WHAT IS REQUIRED
Copy the records below exactly, starting at the line that contains "CRISPY SHIITAKE $6" and ending at the line that contains "Weathered sand stone"; leave out any pictures.
*** DATASET CONTENT Section Begins ***
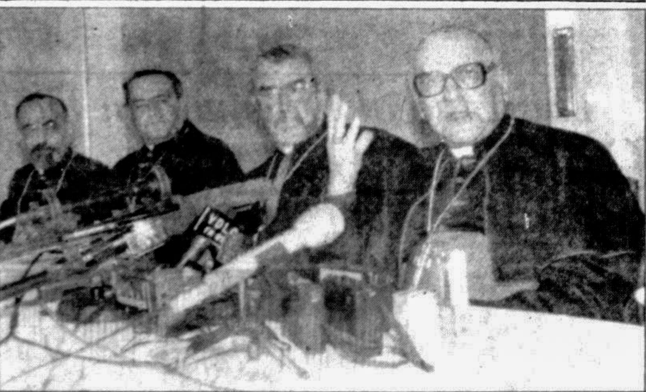
The Latin Patriarch of Jerusalem Michel Sabbah (R) and other Christian patriarchs from the Middle East answer questions during a press conference in Baghdad on Saturday.
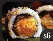
CRISPY SHIITAKE $6
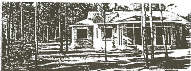
"The Turning Point" Home of Alice Carr
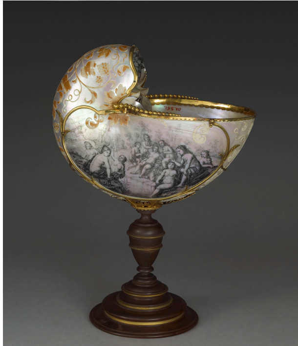
Cornelis van Bellekin (about 1625-after 1711) Nautilus shell engraved with scenes of the Roman divinities Bacchus and Diana Bathing 1660-80

The exhibition is divided into six thematic sections:
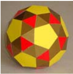
13. Snub dodecahedron
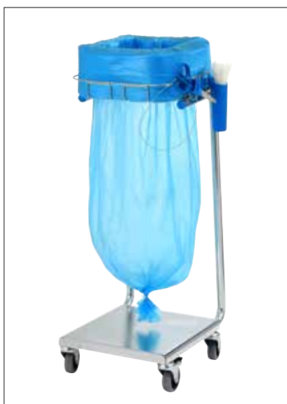
Stand Dynamic Mini/Mini Pedal
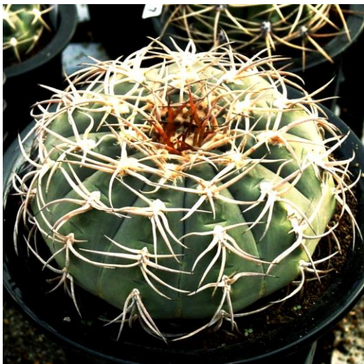
G. cardenasianum (光琳玉)
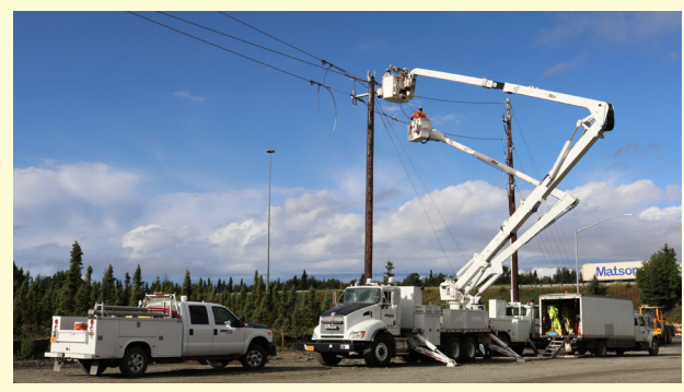
Chugach crews put in a power pole and relocated guy wires on the east side of Minnesota Drive to mitigate conflicts with the road extension project underway this summer.
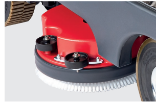
Swivelling brush head allows cleaning close to the edge
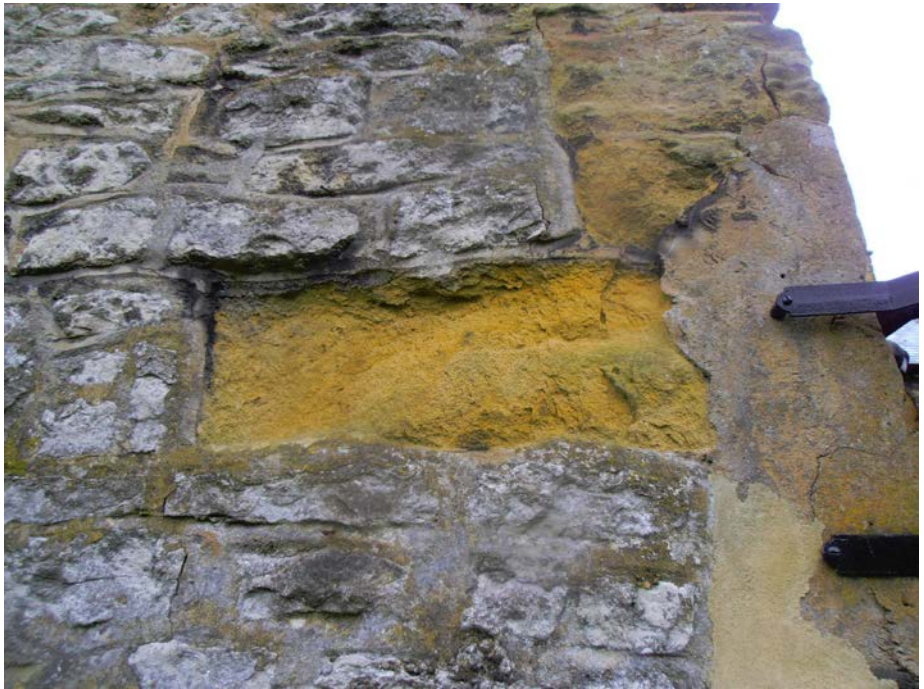
Weathered sand stone

The external elevations appear to be formed from a mixture of lime stone and sand stone. Fairly noticeable weathering has occurred to several sections of sand stone, which is a more fragile material. At present, the level of deterioration is not considered structurally significant. However, the most noticeable weathering was found to the northern elevation around the master bedroom en-suite, which is causing internal damp penetration to occur. You should ask a competent building contractor to provide a quotation for applying an external protective coating or chopping out and replacing the severely weathered stones in full. Any works of this nature should be carried out with local authority approval.
*** DATASET CONTENT Section Ends ***
RESPONSE
CRISPY SHIITAKE $6
"The Turning Point" Home of Alice Carr
Cornelis van Bellekin (about 1625-after 1711) Nautilus shell engraved with scenes of the Roman divinities Bacchus and Diana Bathing 1660-80

The exhibition is divided into six thematic sections:
13. Snub dodecahedron
Stand Dynamic Mini/Mini Pedal
G. cardenasianum (光琳玉)
Chugach crews put in a power pole and relocated guy wires on the east side of Minnesota Drive to mitigate conflicts with the road extension project underway this summer.
Swivelling brush head allows cleaning close to the edge
Weathered sand stone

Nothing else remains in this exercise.